Maine coons and sphynxes.


----------



## Piscin (Jan 20, 2010)

I'll go with mutt cats too.


----------



## wolfrunner7 (Jan 20, 2010)

Domestic Shorthair 4tw.  Of course, Torties are also cool .. they just have a that bad "tortitude".


----------



## Kivaari (Jan 20, 2010)

Probably a Bengal.
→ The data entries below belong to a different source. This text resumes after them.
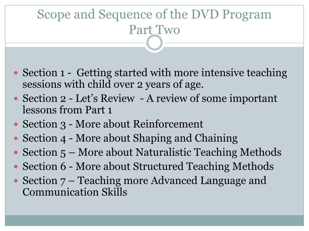 Scope and Sequence of the DVD ProgramPart Two Section 1 - Getting started with more intensive teaching sessions with child over 2 years of age. Section 2 - Let’s Review - A review of some important lessons from Part 1 Section 3 - More about Reinforcement Section 4 - More about Shaping and Chaining Section 5 – More about Naturalistic Teaching Methods Section 6 - More about Structured Teaching Methods Section 7 – Teaching more Advanced Language and Communication Skills
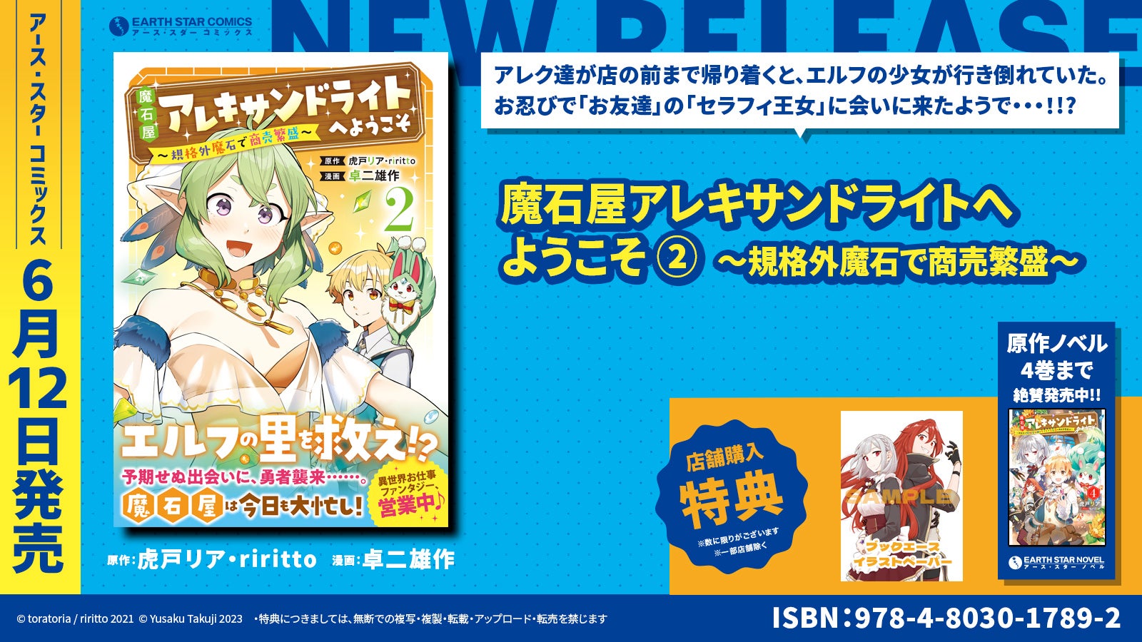 アース・スターノベルで刊行中のノベルが原作で、現在コミック アース・スターで掲載中の人気作品『魔石屋アレキサンドライトへようこそ ~規格外魔石で商売繁盛~』(原作:虎戸リア・riritto 漫画:卓二雄作)第2巻を6月12日(月)に発売いたします。
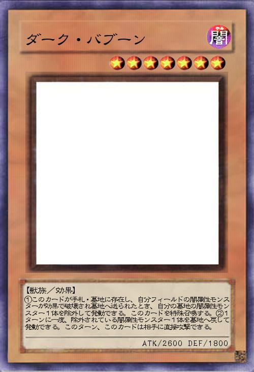 「ダークモンスター化したグリーン・バブーン。こちらはライフではなく自分の墓地の闇属性モンスターをコストにして特殊召喚するタイプ。除外されている闇属性モンスターを墓地の戻すことでダイレクトアタックできるようになります。」(2019-03-06 22:41)
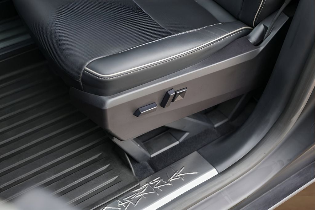 Premium Accessories: Includes 3D All-Weather Interior Liners, Gear Locker Dividers, a Glass Roof Sunshade, and L-Track accessories (hooks and bottle opener) for the bed.
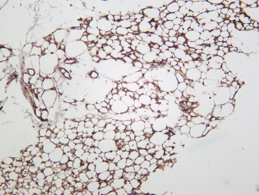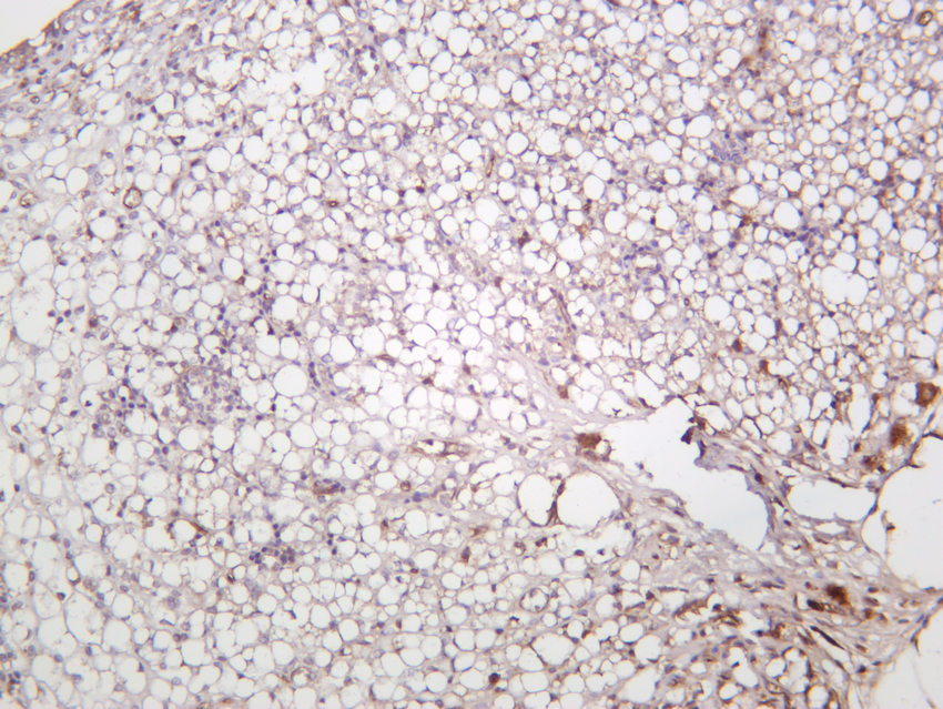 Immunohistochemistry of paraffin-embedded Rat adipose tissue using Adiponectin Polyclonal Antibody.

We used to have one, and now we have a kitten that the people said was a Classic Tabby, but sure looks and acts like a Bengal.


----------



## wolfrunner7 (Jan 20, 2010)

Sponge ... sometimes I wish your avatar there could be considered a "house cat" .. I've always wanted to befriend a cougar (a real one).


----------



## torachi (Jan 20, 2010)

Jashwa said:


> Cats that are calicos or tortoiseshells are the best.


 
This is my word.


----------



## KirbyCowFox (Jan 20, 2010)

Scottish Folds 





Awwwwww

Oh, and Sphinxes.  Vaelarsa gets a high five from me for that adorable pic.


----------



## darzoz (Jan 20, 2010)

Generic awesome cats, scottish fold, and I don't know if thay count because I don't know if you mean only cats that can be pets or not and I'm not sure if thay can be pets but also margays.


----------



## RoseHexwit (Jan 20, 2010)

I really love Ragdoll cats. They're fluffy! <3


----------



## Felicia Mertallis (Jan 20, 2010)

egyptian hairless 
	

	
	
		
		

		
		
	


	




orange tabby 
	

	
	
		
		

		
		
	


	




abyssinian


----------



## Jelly (Jan 20, 2010)

Felicia Mertallis said:


> abyssinian



my favorite
right there

abyssinians are pretty cool dudes

earrrrrrrrrrrrrrrrrrrrrrrrrrs


----------



## Aurelix (Jan 20, 2010)

All of the cats I have ever had have been some variation of the American Shorthair. I think the Russian Blues are gorgeous though.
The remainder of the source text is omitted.